Online / 6 & 7 February 2021


Datacenter class containers for the masses

What if we told you that there is a way to build a powerful kubernetes cluster that can perform data-center-class workloads in a form factor that you can run at your home, under your lab bench, or at a conference. What if we further told you that this hardware comes from a sustainable supply chain that will lower the carbon footprint of computing. This talk will detail an open hardware design, built for a "home" form factor, with a chassis that can hold from 4 to 12 nodes; that contains almost 100 compute cores; 2TB of memory; and over 30 TB of storage. Join us for an overview through photos, video demonstration, and chats with the designers.

Perhaps you work with scalable computing technology every day in far-off data centers or hosted in public clouds. What if you could have similar computing capability in your home, in your home lab, or in the premises of your small organization or business? What if you could run 1000s of containers in under 2000 watts? There are many reasons, from latency limitations, to cost constraints, to concerns over data sovereignty that might require the deployment of on-premise computing.
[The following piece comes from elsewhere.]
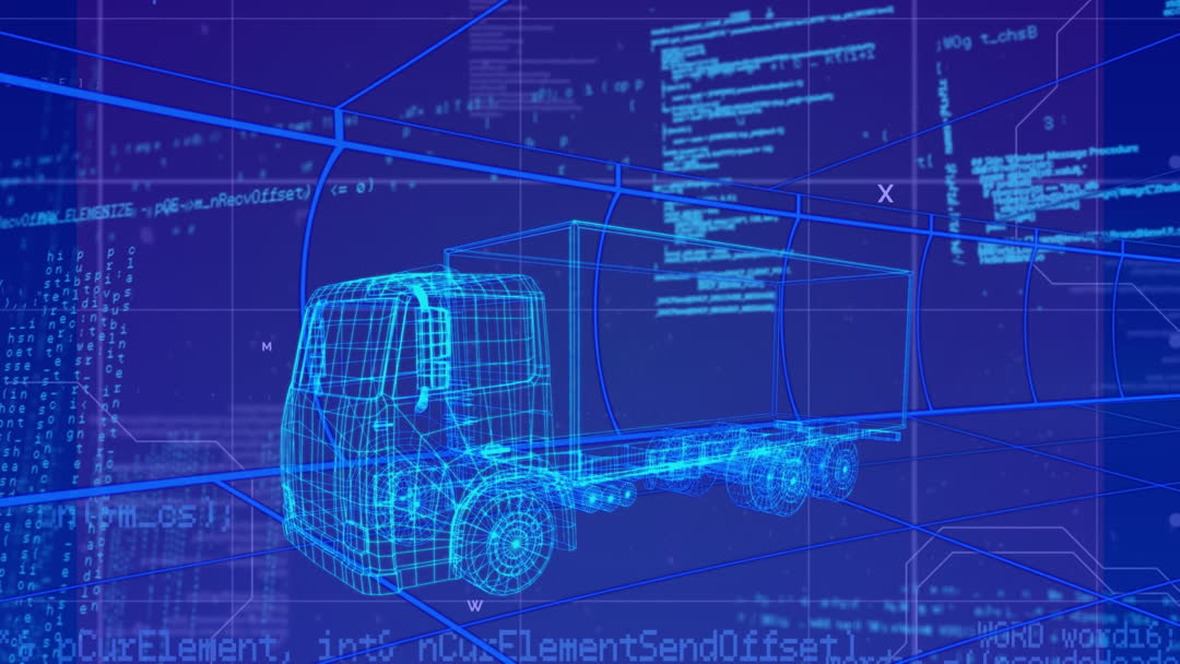 Digital rendering showcases a futuristic wireframe model of a truck overlaid with data codes in a virtual grid. Ideal for visual content related to automotive technology, digital innovation, and engineering systems, highlighting concepts of virtual reality, data processing, and modern digital frameworks.

We will overview and demonstrate a new computing form factor that brings a data center class cluster using hyperscale technology that you can plug into your home's power outlet. We also integrate these clusters using materials from the circular economy, building on a sustainable supply chain that decomposes servers from top tier data centers and builds new products based on open designs. The power of open hardware and open software creates the possibilities of executing many compute intensive workloads in diverse locations without the need of a data center. This talk will demonstrate on open hardware design for a powerful deskside chassis that can hold from 4 to 12 nodes of scalable computing running from a single 110V/220V outlet and hosting a range of elastic k8s container workloads. Our short talk will include video demonstration, photos, and Q&A with the system designers.